“ Isto de sensações só
vale a pena se a gente se não põe a olhar para elas. “
F.
Pessoa
Tenho poucos mas bons amigos e ainda menos, se isso é possivel, amigas. Acompanham-me, melhor ou pior, nos bons momentos da minha vida. Nos maus momentos as minhas amigas aparecem sempre sem eu assinalar nada, pelo que gosto cada vez mais delas.
Tenho poucos mas bons amigos e ainda menos, se isso é possivel, amigas. Acompanham-me, melhor ou pior, nos bons momentos da minha vida. Nos maus momentos as minhas amigas aparecem sempre sem eu assinalar nada, pelo que gosto cada vez mais delas.
Há uns anos ia regularmente ao cinema com uma
amiga que, ainda hoje, ocupa secreta, discreta e
inocentemente um lugar especial no meu
coração.
A escolha do filme era sempre controversa. Eu
acreditava na crítica, ela no título e na história.
Geralmente não me apetecia ir, preferindo,
estupidamente, reflectir naquilo que julgava serem as
minhas irreparáveis desgraças. Imbecibilidades
que arruinam um tempo que já não volta.
Ela, na sua tarefa missionária, puxava por mim
e conseguia arrastar-me. Vi, assim, e como
consequência directa da caridade e, quero
crer, de um sólido afecto, muitos filmes em muitos
cinemas.
E foi como sempre. “Então o que vamos ver?”
Nada. “Nada não, porque a mim apetece-me e não me vais fazer essa desfeita”. Mas não há nada que
valha a pena. “Ai há, há...vê lá nas tuas críticas e
depois telefona-me, não te esqueças, terça,
quer queiras quer não, vamos ao cinema porque a mim
apetece--me.“ Pois sim , murmurava eu.
Folheei o jornal, olhei para as estrelas e lá
estava ele acumulando tudo. O realizador, os actores, as críticas laudatórias. Só o nome, que me
deveria ter dito alguma coisa, me escapou na análise.
“O quê ? Para onde é que tu me queres levar,
estás bom da cabeça?” E ria-se.
Eu, encavacado, eu que infelizmente nunca tive
jeito para “levar“ as mulheres para lado nenhum e
muito menos para a “desgraça“, eu quase que
afinei. É excelente, protestava eu, só não sei se
gostas de policiais.
E ela ria-se e dizia que um filme com aquele
nome só podia ser pornográfico. “Noites escaldantes,
ouve lá, já pensaste?”
E eu, só naquele
momento pensei naquela hipótese. Mas não dei ao flanco, fui intransigente, como
compete a quem pensa que manda, e responsabilizei-me pela candura do
espectáculo.
E na terça lá fomos. O filme começou e passados minutos já eu me
contorcia desconfortável na cadeira. A cada cena um pouco mais ousada e havia
muitas - que para mim, pudico imbecil, podia ser um
prolongado e sensual beijo ou a nudez enlaçada
na cama, enfim o pão nosso de cada dia de hoje - o meu íntimo reagia num constante cruzar e descruzar
de pernas, num envergonhado pousar de cabeça na mão, num descontrolado esfregar do
ombro, numa tímida e forçada tosse.
E o facto de levar cotoveladas e de ouvir um
riso irónico, franco e abafado, só piorava as coisas.

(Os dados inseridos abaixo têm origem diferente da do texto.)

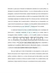 35 historiador es quien pone al desnudo los fundamentos materiales de la acción política. La ideología no era material vital para la historia. A su vez, el discurso político era visto como propaganda y construcción distorsionada, cualquier historiador que tocara mínimamente la cuestión retórica y la persuasión pública era débil en sus argumentos (Goldie 2006, 5). Para el paradigma anglosajón de mediados del siglo XX, el discurso privado o individual estaba exento de la ideología; todo el material político e intelectual que no correspondiera a un cuerpo textual de pensamiento que se adaptase a las ideas globales institucionalizadas de la historia, era discriminado por ser una “alteración” y “desfiguración” de la realidad. La tradicional historia de las ideas es también denominada como el paradigma del behaviorismo o empirismo conductista, ya que se trataba de un modelo donde la investigación debería describrir y explicar y, de ser posible, predecir los fenómenos políticos en términos exclusivamente empíricos, evitando todo juicio evaluativo (Velasco 1995, 14). Los defensores de este paradigma terminan justificando el actual estado de cosas políticas (Velasco 1995, 15). Esta visión empírista busca conocimiento comprobable y respaldado por la experiencia, donde los juicios y valores estén excluidos, y la descripción y explicación objetiva sean el producto ideal de toda investigación. Hay que resaltar que la idea de historicidad en esta perspectiva es nula, pues la historia como proceso corto o largo de sucesos, como contexto, circunstancia, medio social, político, económico, cultural, etc., no tiene relevancia para las ideas-unidad, ya que éstas últimas imponen a la historia su forma de concebir al mundo. No se estudia historia, sino simplemene, la lógica natural de la idea que va encontrando diversos autores sustitutos.

Julgo que com a atrapalhação perdi metade
daquele que é e será sempre um esplêndido filme.
Chegado ao intervalo, ainda as luzes não
estavam completamente acesas, não aguentei, queria que
um buraco me engolisse, sentia uma necessidade
imperiosa de desaparecer, de fugir.
Levantei-me bruscamente como que impulsionado
por uma mola e lancei-me para o exterior.
Vi a placa de sanitários, abri, entrei e
refugiei-me no interior de uma espécie de box. Deveria ter
desconfiado, mas dei a novidade por conta das
modernices próprias de um arquitectolas da nova vaga.
E, de repente, provavelmente logo a seguir ao
verdadeiro início do intervalo lá fora, ouvi um tic tic tic e, olhando para o espaço aberto por debaixo da
porta, vi, para meu terror e pânico, desfilar pernas
nuas de saltos altos.
Não havia dúvida, estava na casa de banho das
senhoras.
Dei um salto e empoleirei-me na sanita onde
fiquei silencioso, ouvindo sem o querer os ruídos que
soavam, abafados é certo mas íntimos, à
esquerda e à direita e na angustiante espera pelo salvador
sinal sonoro de fim de intervalo.
Apanhei um valente susto mas que foi remédio
santo: vi o resto do filme estranhamente repousado,
como um malandro sem vergonha que vivera a tão
desejada total igualdade entre os sexos.